Segment Start: PROVIDED MATERIAL

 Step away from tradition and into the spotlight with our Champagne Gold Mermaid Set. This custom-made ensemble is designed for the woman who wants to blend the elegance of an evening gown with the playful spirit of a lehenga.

Segment End: PROVIDED MATERIAL
Segment Start: PROVIDED MATERIAL

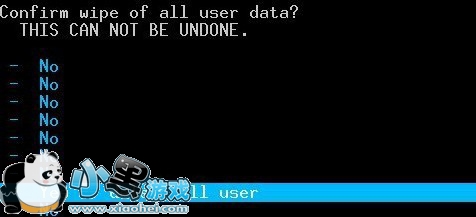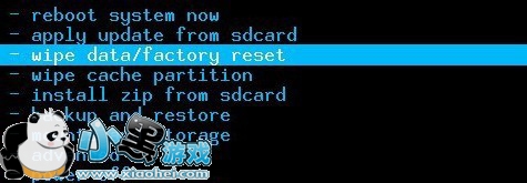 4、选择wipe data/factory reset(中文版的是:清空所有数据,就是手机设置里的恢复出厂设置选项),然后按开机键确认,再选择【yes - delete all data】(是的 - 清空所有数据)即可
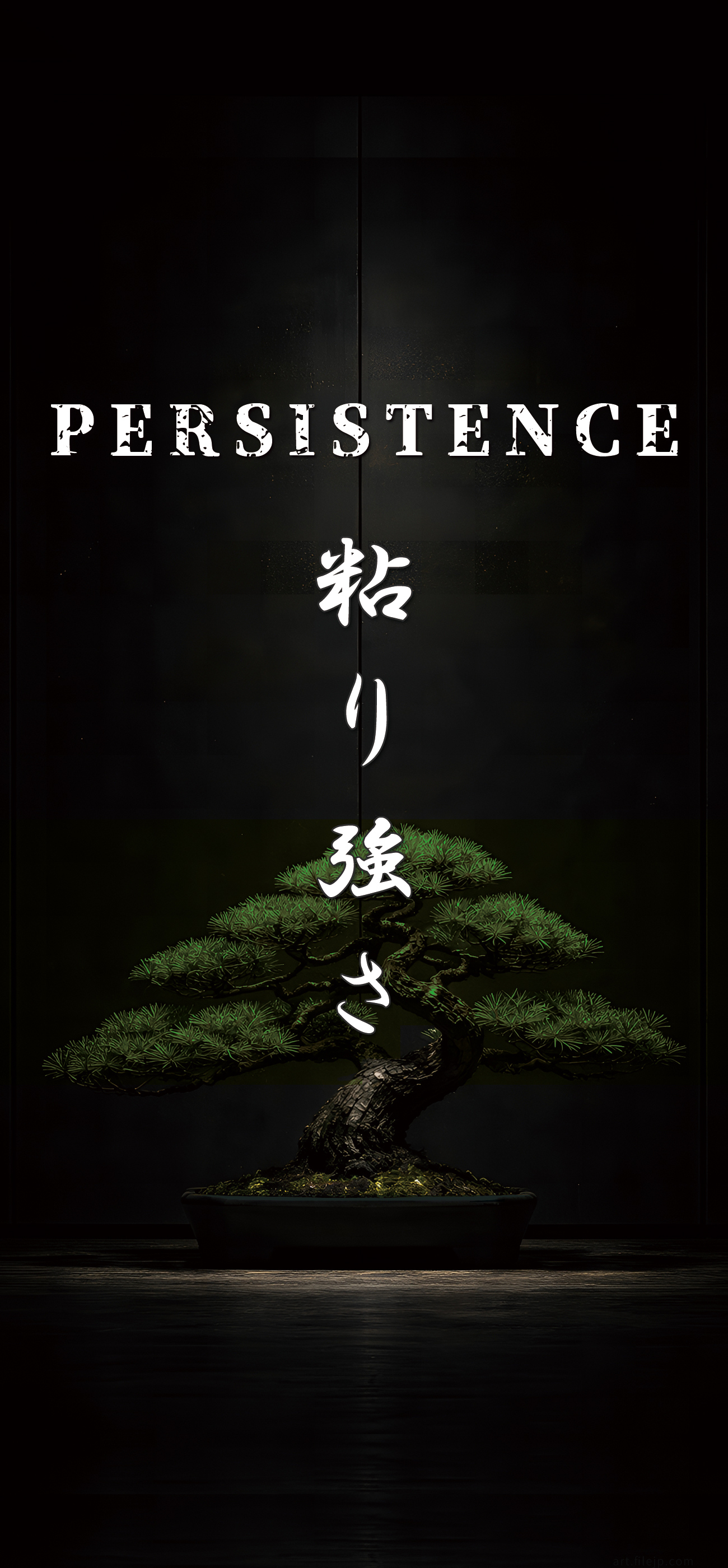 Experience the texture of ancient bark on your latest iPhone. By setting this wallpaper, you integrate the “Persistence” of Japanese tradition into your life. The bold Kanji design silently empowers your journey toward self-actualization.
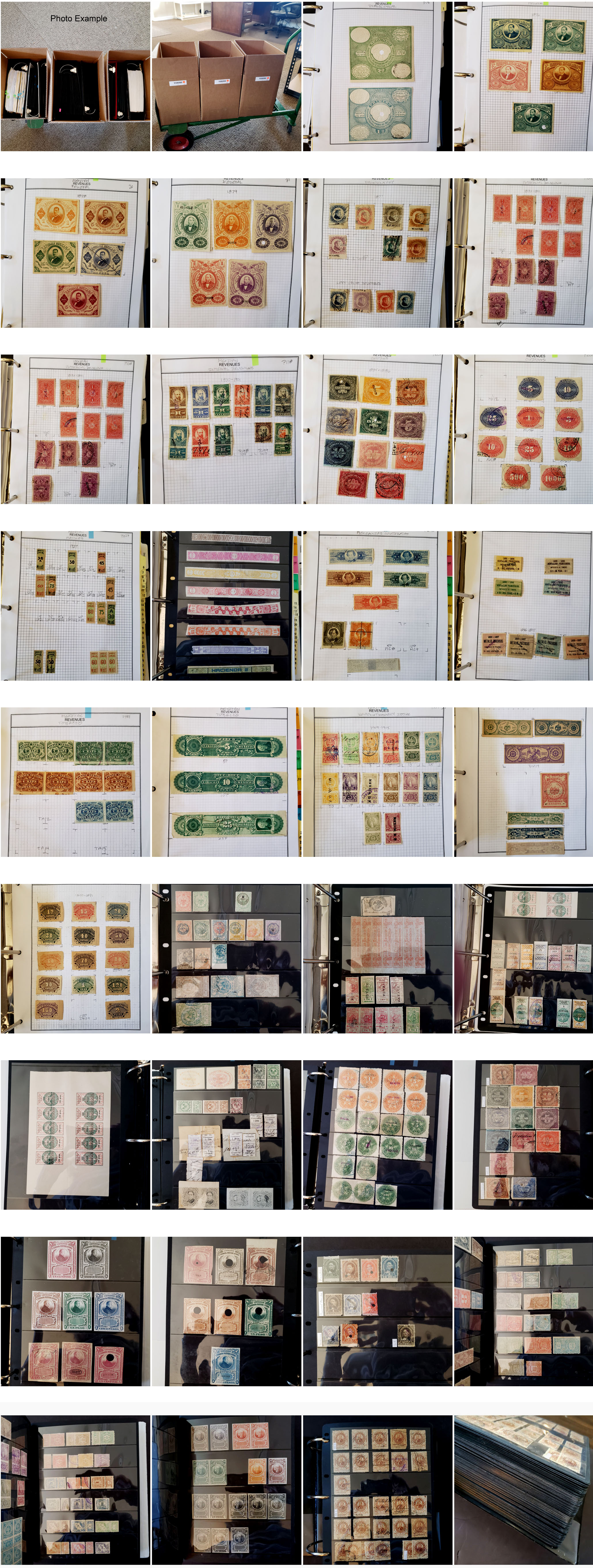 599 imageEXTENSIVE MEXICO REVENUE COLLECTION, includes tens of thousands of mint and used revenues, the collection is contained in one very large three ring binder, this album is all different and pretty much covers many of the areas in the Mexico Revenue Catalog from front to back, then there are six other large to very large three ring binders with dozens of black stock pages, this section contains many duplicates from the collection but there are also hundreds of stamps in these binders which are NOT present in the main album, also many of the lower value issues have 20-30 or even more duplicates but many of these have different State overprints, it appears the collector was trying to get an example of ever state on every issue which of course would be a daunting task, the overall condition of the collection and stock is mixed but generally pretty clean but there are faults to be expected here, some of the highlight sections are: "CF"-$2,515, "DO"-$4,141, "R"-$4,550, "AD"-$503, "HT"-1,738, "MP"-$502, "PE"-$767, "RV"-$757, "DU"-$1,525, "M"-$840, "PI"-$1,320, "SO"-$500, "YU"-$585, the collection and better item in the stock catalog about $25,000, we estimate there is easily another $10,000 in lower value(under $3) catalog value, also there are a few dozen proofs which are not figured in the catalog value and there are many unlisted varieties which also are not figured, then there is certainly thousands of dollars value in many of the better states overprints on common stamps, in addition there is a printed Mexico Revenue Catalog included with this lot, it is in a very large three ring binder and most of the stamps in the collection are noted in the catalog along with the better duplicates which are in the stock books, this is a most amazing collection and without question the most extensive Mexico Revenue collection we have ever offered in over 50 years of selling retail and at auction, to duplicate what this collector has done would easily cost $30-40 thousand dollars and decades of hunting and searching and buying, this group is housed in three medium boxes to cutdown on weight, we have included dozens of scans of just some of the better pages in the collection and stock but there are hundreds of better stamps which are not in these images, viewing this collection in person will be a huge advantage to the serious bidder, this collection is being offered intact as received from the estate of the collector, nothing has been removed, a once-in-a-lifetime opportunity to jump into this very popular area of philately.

Segment End: PROVIDED MATERIAL

TASK DETAILS :: Give back, exactly and without pictures, the stretch of the records above from the line containing "data】(是的 - 清空所有数据)即可" through the line containing "Experience the texture", with both end lines included.

WRITTEN SOLUTION ::
 4、选择wipe data/factory reset(中文版的是:清空所有数据,就是手机设置里的恢复出厂设置选项),然后按开机键确认,再选择【yes - delete all data】(是的 - 清空所有数据)即可
 Experience the texture of ancient bark on your latest iPhone. By setting this wallpaper, you integrate the “Persistence” of Japanese tradition into your life. The bold Kanji design silently empowers your journey toward self-actualization.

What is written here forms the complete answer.